Tentu saja, masalah sampah bukan hanya tanggung jawab pemerintah. Sampah merupakan tanggung jawab semua warga sampai di tingkat keluarga dan bahkan individu, mengingat setiap individu berpotensi menghasilkan sampah. Salah satu yang cukup menggembirakan adalah makin banyaknya orang yang peduli pada pengelolaan sampah. Bahkan, sampah bukan sekadar diolah, tetapi dijadikan lahan bisnis yang menjanjikan. Menjanjikan dalam arti memberi dampak pada lingkungan sekaligus mendatangkan lapangan kerja dan keuntungan. Para sociopreneur ini berupaya menemukan solusi atas masalah sampah tersebut.

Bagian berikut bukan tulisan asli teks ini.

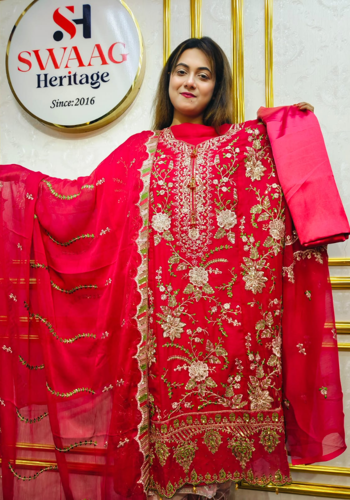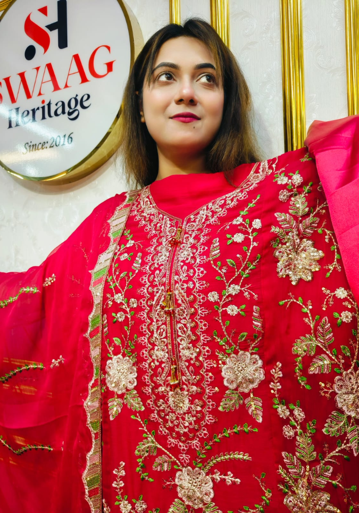 The beautifully Crimson Embroidered 3-Piece Unstitched Suit  showcases intricate work on the neckline and hem, adorned with subtle motifs throughout. It comes paired with a matching bottom and an exquisitely embroidered dupatta that adds fluidity and sophistication to the overall look.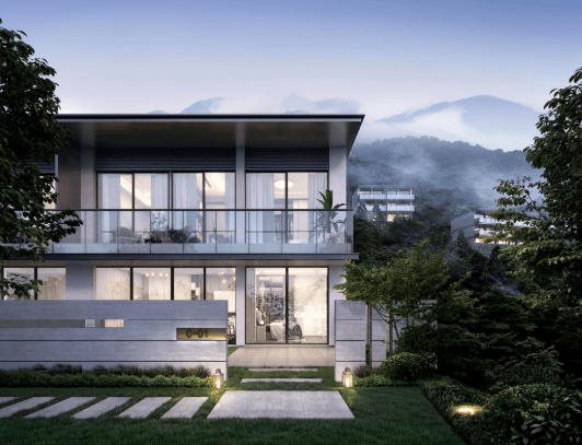 低密现房:容积率仅0.87,涵盖127-269㎡现房宽墅,部分户型南向面宽达9.6米,采用大面积玻璃幕墙与铝板材质,兼顾私密性与通透感。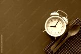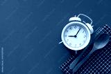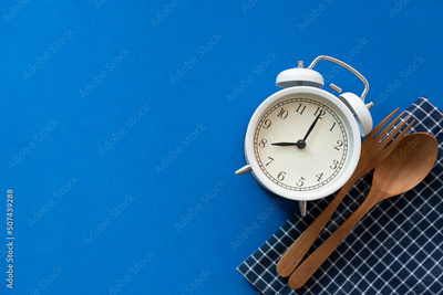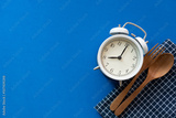 Food clock. Healthy food concept on blue table background, time for eat food concept

Di wilayah Lombok, Nusa Tenggara Barat, misalnya, para sociopreneur ini mencoba memberikan solusi sampah yang multibenefit. Selain membuat lingkungan jadi bersih dan sehat, upaya ini juga mendongkrak perekonomian lokal. Hal ini yang dilakukan oleh Bintang Sejahtera, salah satu startup sosial yang memenangi penghargaan Sankalp pada tahun 2015.

Bintang Sejahtera telah mengelola dan mereduksi 240 ton sampah plastik sekaligus membuka lapangan kerja yang baru bagi masyarakat di Lombok. Bintang Sejahtera pada dasarnya adalah sebuah bank sampah yang mendaur ulang sampah anorganik untuk dijual kembali ke perusahaan yang membutuhkan.

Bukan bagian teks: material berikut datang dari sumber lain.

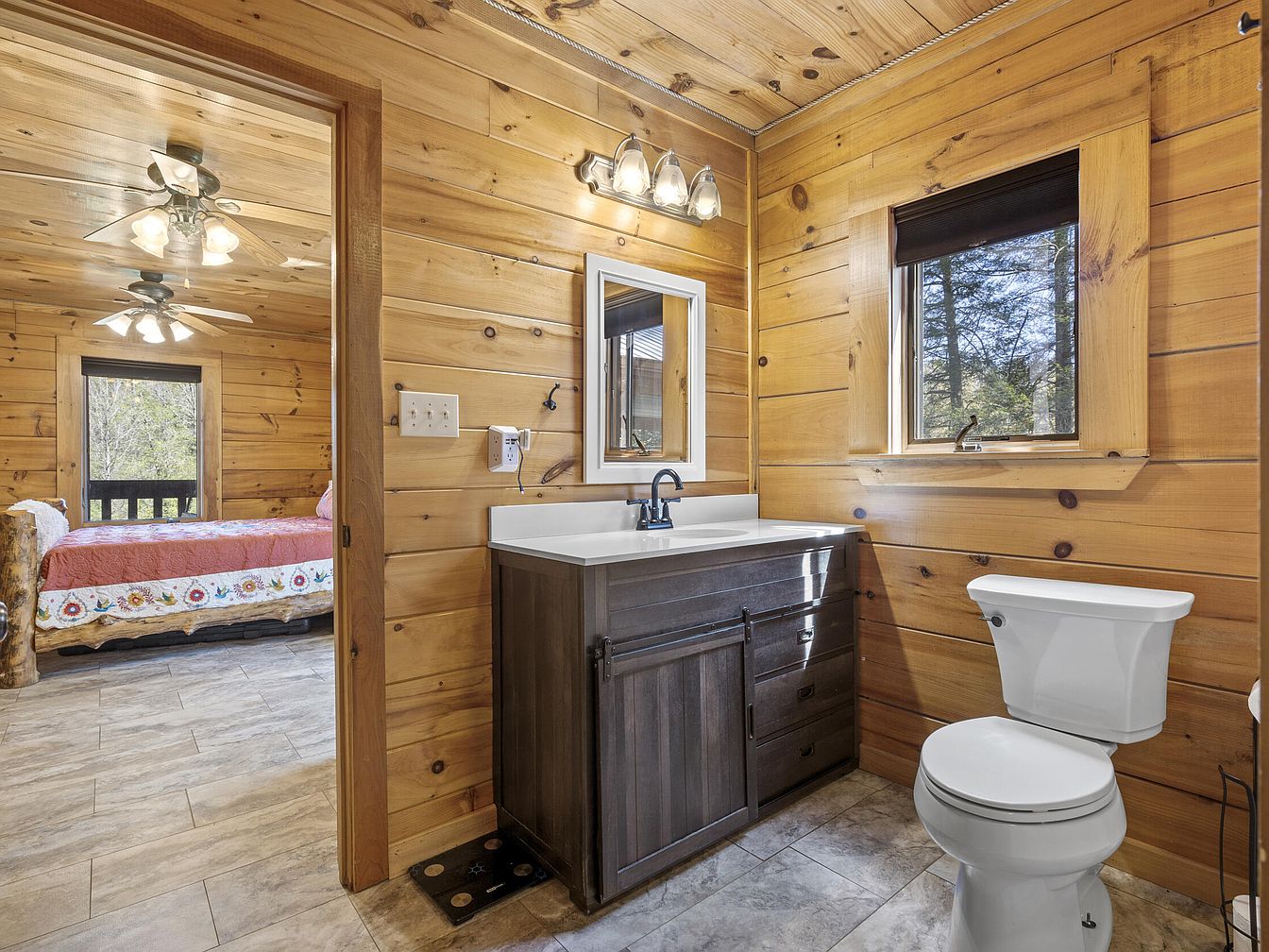 This charming bathroom features warm, natural wood walls and ceiling, creating a cozy cabin ambiance. The floor is tiled in a neutral tone that complements the wooden textures. A dark wood vanity with a white countertop and modern faucet anchors the space, while a rectangular mirror framed in white hangs above. A three-light fixture provides ample illumination. A window above the toilet offers a view of the outdoors and natural light, with a dark roller shade for privacy. Through the open doorway, a bedroom with a rustic log bed, colorful bedding, and ceiling fans is visible, continuing the rustic, inviting aesthetic.

Bank Sampah yang didirikan oleh Febriarti Kairunnisa pada tahun 2010 ini cukup berdampak. Selain menghasilkan omzet Rp 1 miliar setahun atau sekitar Rp 80-100 juta per bulan (menurut info tahun 2015), Bintang Sejahtera juga mmampu memberdayakan tenaga-tenaga lokal. Asal tahu saja, setengah dari keuntungan bank sampah digunakan untuk biaya pendidikan 2.000-an murid di berbagai sekolah di Lombok.

Dari kisah ini, nampak signifikannya peran sociopreneur untuk mengatasi masalah-masalah sosial di Indonesia. Sebab itu, dorongan untuk melahirkan sociopreneur-sociopreneur baru menjadi langkah pemerintah yang layak didukung. Mereka tidak hanya memikirkan profit semata, tetapi mereka juga memikirkan bagaimana bisa memperbaiki kehidupan bersama.